鼻に装着したマスクから空気を送り、気道が閉塞しないようにする治療です。
適切な治療を行うことで、
- 日中の眠気の改善
- 血圧の安定
- 心血管疾患リスクの低下
などが期待できます。
肥満症の治療も重要です
睡眠時無呼吸症候群の背景には肥満症が隠れていることがあります。
肥満症は単なる体型の問題ではなく、治療が必要な病気です。
体重管理を行うことで、
- 睡眠時無呼吸症候群
- 糖尿病
- 高血圧
- 脂質異常症
などの改善につながります。
医師と相談しながら、食事療法や運動療法、必要に応じて薬物療法を組み合わせて治療を進めます。
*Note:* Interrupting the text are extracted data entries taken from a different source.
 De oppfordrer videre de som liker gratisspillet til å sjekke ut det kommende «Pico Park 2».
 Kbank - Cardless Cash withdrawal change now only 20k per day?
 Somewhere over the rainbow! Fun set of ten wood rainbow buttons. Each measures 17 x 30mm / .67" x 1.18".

立川市・国立市・小平市・小金井市周辺で睡眠時無呼吸や糖尿病のご相談なら
いびきや日中の眠気は、「年齢のせい」「疲れているだけ」と思われがちですが、睡眠時無呼吸症候群が隠れていることがあります。
また、肥満や糖尿病、高血圧などの生活習慣病とも密接に関係しています。
はごろも内科小児科では、立川市をはじめ、国立市・小平市・小金井市周辺の皆さまの健康管理をサポートしています。
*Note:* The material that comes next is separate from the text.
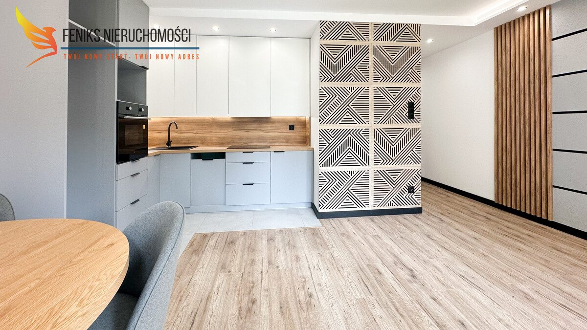 Na lokal o powierzchni 52.6 m2 składa się przestronny salon z aneksem kuchennym, 2 pokoje, łazienka oraz przedpokój. Mieszkanie jest bardzo pięknie wykończone, na ścianach w salonie oraz sypialni znajdują się ozdobne drewniane panele. Oświetlenie zostało nowocześnie zaprojektowane (czujniki ruchu na przedpokoju). Aneks kuchenny wykonany zgodnie z aktualnymi trendami wyposażony w piekarnik oraz płytę indukcyjną. Przygotowane zostało miejsce pod zmywarkę, lodówkę w zabudowie oraz mikrofalówkę lub kawiarkę. Łazienka została wyposażona w prysznic typu walk in, umywalkę z podwieszaną szafką, przygotowane zostało także miejsce pod pełnowymiarową pralkę. Na przedpokoju oraz w sypialni wykonane zostały szafy pod wymiar w zabudowie. Mieszkanie jest po kapitalnym remoncie, wymienione instalacje elektryczna, hydrauliczna, grzewcza, nowe drzwi wewnętrzne i wejściowe. Wystawa okien od wschodu i południa. Lokal jest słoneczny i cichy (okna nie wychodzą na główną ulicę). Wszystkie media z miasta, duża piwnica - 10,6 m2,niski czynsz - 620 zł.

「いびきが気になる」「日中の眠気が強い」「肥満が気になる」という方は、お気軽にご相談ください。
よくある質問(FAQ)
睡眠時無呼吸症候群は肥満の人しかなりませんか?
いいえ。やせている方でも発症することがありますが、肥満は大きな危険因子の一つです。
ダイエットで睡眠時無呼吸症候群は改善しますか?
体重減少によって症状が軽くなることがあります。ただし、自己判断で治療を中断せず、医師と相談しながら進めることが大切です。
睡眠時無呼吸症候群は内科で相談できますか?
はい。内科で相談可能です。必要に応じて検査やCPAP治療を行います。